With this snippet I see the nack on 1/2 iterations. I have the feeling that the next i2c access after the reset will fail a repeated i2c access solve the issue. Like I said in my first post:

In this case, a repeated mlx90632_i2c_read fix the problem.

And the following workaround fix/hide the problem.

int32_t mlx90632_set_meas_type(uint8_t type)
{
    int32_t ret;
    uint16_t reg_ctrl;

    if ((type != MLX90632_MTYP_MEDICAL) & (type != MLX90632_MTYP_EXTENDED) & (type != MLX90632_MTYP_MEDICAL_BURST) & (type != MLX90632_MTYP_EXTENDED_BURST))
        return -EINVAL;

    ret = mlx90632_addressed_reset();
    if (ret < 0)
        return ret;

    /*
     * After mlx90632_addressed_reset has been called, the next mlx90632_i2c_read will fail.
     * I can see a NACK is received after the i2c address has been sent.
     * In this case, a repeated mlx90632_i2c_read fix the problem.
     * https://github.com/melexis/mlx90632-library/issues/31
     */
    ret = mlx90632_i2c_read(MLX90632_REG_CTRL, &reg_ctrl);
    if (ret < 0) {
        LOG_WARN("mlx90632_i2c_read has failed, retrying...");
        ret = mlx90632_i2c_read(MLX90632_REG_CTRL, &reg_ctrl);
        if (ret < 0) {
            LOG_ERR("mlx90632_i2c_read retry has failed.
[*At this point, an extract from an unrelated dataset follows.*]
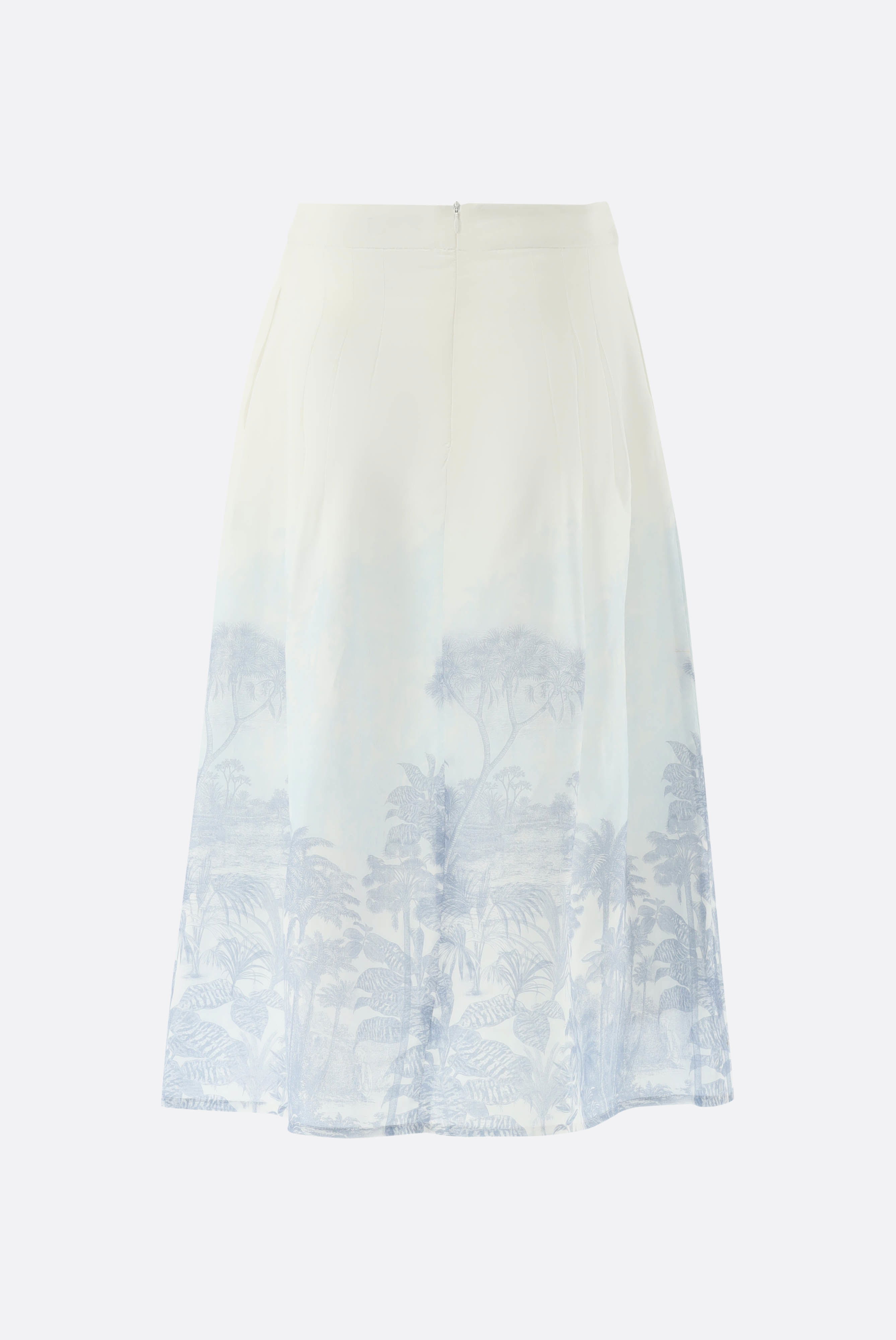 Dieser knielange, ausgestellte Rock überzeugt durch eine feminine Silhouette mit Plisseefalten an der Taille. Praktische Seitentaschen und ein Reißverschluss im Rücken sorgen für Funktionalität und sicheren Sitz. Das Modell ist gefüttert für angenehmen Tragekomfort und optimale Formstabilität. Das tropische Forest-Allover-Printdesign setzt modische Akzente und verleiht dem Rock eine sommerliche, frische Ausstrahlung. Ideal für elegante Casual- und stilvolle Freizeit-Looks.

Setting is aborted.");
            return ret;
        }
        LOG_WARN("mlx90632_i2c_read retry has passed (last i2c error can be ignored).");
    }
......
.....
slavysis commented 3 years ago

I did some experiments and was able to re-produce what you are observing. Indeed, in burst mode, the addressed reset command is not executing as expected. There are 4 possible ways to deal with it:

  1. Use slower I2C clock frequency - 100KHz recommended
  2. Make sure that the time between the last clock of the addressed reset command and the STOP condition generation is less than 2us.
  3. Repeat the first command after the reset (kind of what you are currently doing)
  4. Skip the addressed reset command - the modes will still be properly set with only one drawback - the first measurement after the mode switch might be done using the old mode settings.

Thank you very much for finding this issue, digging in it and reporting it!

jjungo commented 3 years ago

Thanks for your experiments! Looks interesting.

Use slower I2C clock frequency - 100KHz recommended

Didn't work on my side, I still having the problem. Datasheet specifies fast mode and fast mode plus.

Make sure that the time between the last clock of the addressed reset command and the STOP condition generation is less than 2us.

I can measure a delay about 8us. I'm currently depending on the NRF (Nordic SDK) i2c driver stack and I don't want to patch it neither implement such workaround in my code base.

My chosen workaround repeats the mlx90632_set_meas_type API call if necessary. In that case I don't have to re-implement set_meas_type without addressed reset or hack the mlx or nrf libraries.

Repeat the first command after the reset (kind of what you are currently doing)

Maybe the mlx library should implement it, @Letme what's your point ?

jjungo commented 3 years ago

Hi @slavysis !

34 fixes it! Many thanks.

In addition, like @Letme has pointed out, i2c stop must be set for the addressed reset command.

Best,

Letme commented 3 years ago

@jjungo thanks for reporting the issue and helping us debug it. We really appreciate it. Sorry it took so long to fix. Will also tag a new release once master passes.